DATA EXCERPTS —
►

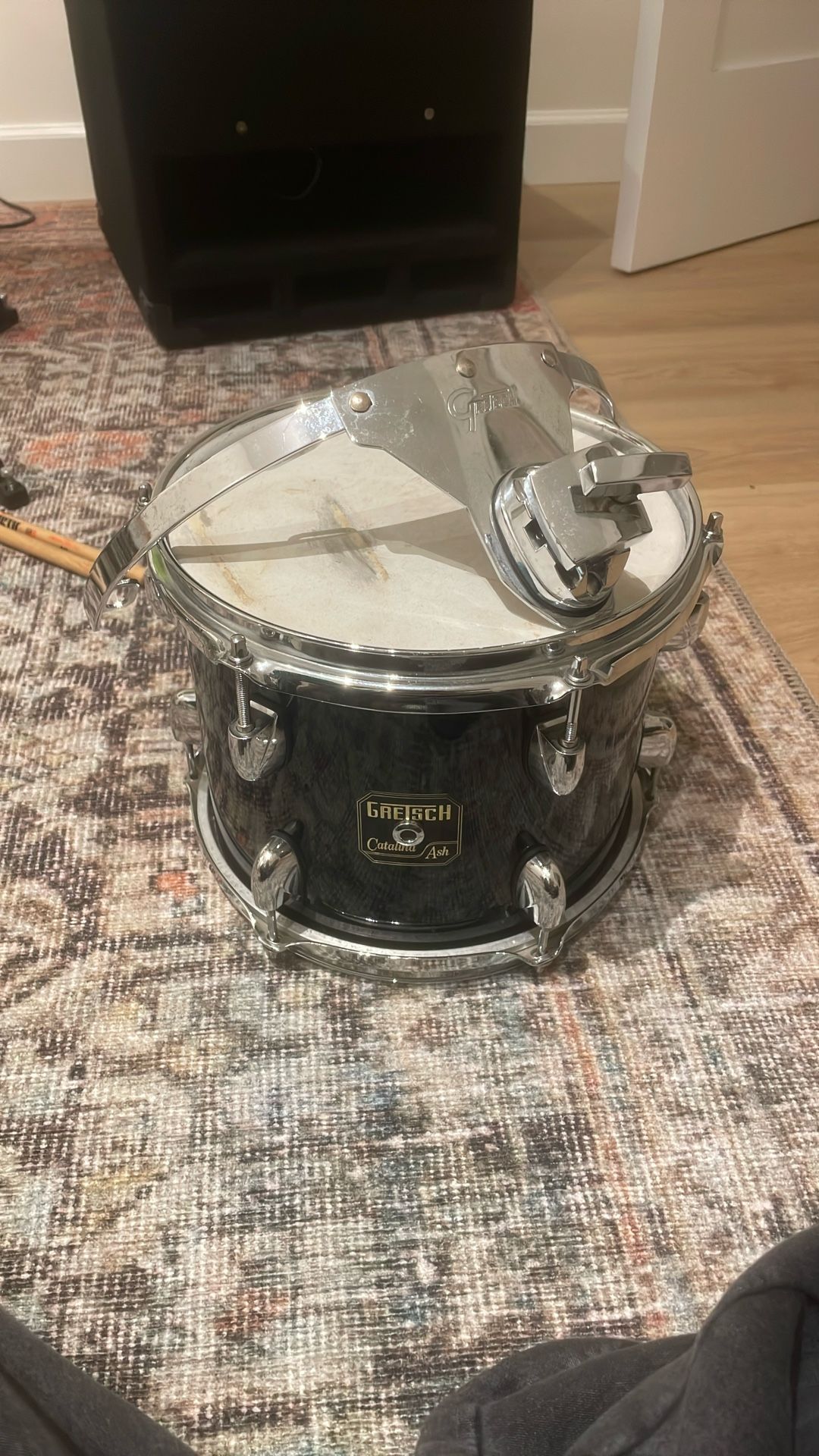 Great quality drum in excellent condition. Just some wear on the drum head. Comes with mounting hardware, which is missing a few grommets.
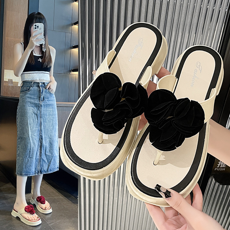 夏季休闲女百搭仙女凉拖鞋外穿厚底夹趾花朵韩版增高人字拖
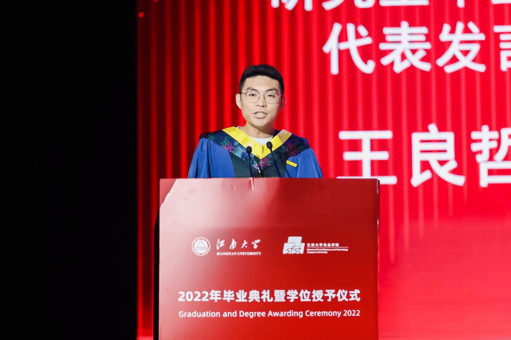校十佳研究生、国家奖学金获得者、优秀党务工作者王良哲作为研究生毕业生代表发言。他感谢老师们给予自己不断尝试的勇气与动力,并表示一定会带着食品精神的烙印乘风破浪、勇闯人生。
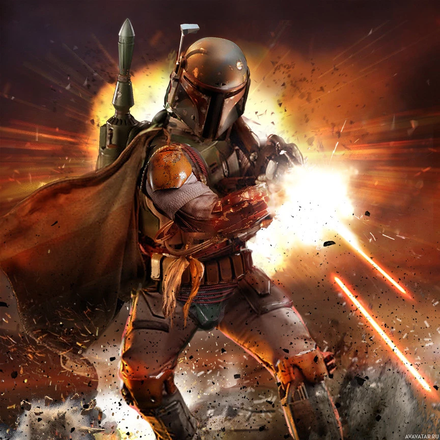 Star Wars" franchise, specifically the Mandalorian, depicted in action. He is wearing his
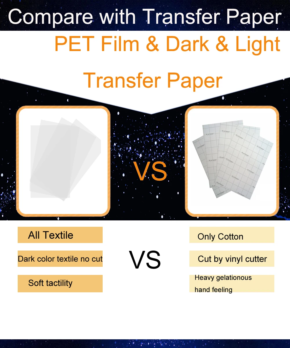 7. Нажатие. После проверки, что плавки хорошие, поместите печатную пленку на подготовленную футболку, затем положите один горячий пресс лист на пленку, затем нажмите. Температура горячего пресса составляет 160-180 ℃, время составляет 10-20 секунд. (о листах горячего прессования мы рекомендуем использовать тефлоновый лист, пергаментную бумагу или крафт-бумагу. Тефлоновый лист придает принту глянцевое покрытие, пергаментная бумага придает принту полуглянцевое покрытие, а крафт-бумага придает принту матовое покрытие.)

◄
►

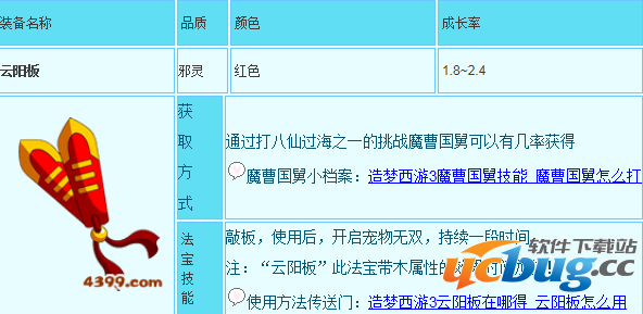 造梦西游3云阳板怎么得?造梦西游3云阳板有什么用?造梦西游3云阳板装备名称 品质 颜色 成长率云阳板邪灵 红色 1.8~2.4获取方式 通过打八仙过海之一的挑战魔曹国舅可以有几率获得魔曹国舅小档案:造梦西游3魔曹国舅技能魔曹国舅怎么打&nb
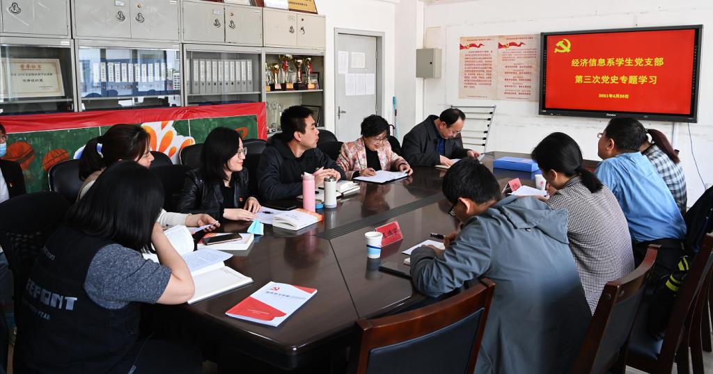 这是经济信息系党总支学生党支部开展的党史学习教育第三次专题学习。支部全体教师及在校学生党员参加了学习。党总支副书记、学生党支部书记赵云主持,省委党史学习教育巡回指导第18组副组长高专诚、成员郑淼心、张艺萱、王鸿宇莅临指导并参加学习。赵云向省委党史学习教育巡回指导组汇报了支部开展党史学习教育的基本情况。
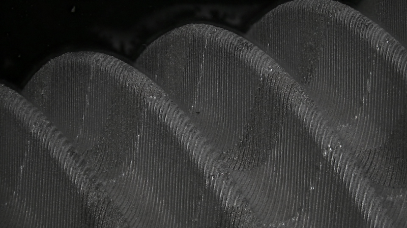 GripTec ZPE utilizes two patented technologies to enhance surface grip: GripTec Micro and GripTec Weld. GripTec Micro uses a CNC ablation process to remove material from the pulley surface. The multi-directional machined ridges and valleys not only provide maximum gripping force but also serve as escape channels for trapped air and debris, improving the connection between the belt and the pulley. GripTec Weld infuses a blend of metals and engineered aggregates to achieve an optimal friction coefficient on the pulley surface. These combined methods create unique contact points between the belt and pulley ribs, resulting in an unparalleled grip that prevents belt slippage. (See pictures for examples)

◄
►

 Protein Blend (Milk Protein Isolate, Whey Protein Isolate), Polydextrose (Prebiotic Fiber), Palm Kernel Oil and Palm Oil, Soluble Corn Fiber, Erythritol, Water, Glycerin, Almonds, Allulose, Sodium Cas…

◄

TO DO — The result should be an exact copy of only the lines above from the one that holds "夏季休闲女百搭仙女凉拖鞋外穿厚底夹趾花朵韩版增高人字拖" through the one that holds "is wearing his", both ends included, without pictures.

EXERCISE OUTPUT —
 夏季休闲女百搭仙女凉拖鞋外穿厚底夹趾花朵韩版增高人字拖
校十佳研究生、国家奖学金获得者、优秀党务工作者王良哲作为研究生毕业生代表发言。他感谢老师们给予自己不断尝试的勇气与动力,并表示一定会带着食品精神的烙印乘风破浪、勇闯人生。
 Star Wars" franchise, specifically the Mandalorian, depicted in action. He is wearing his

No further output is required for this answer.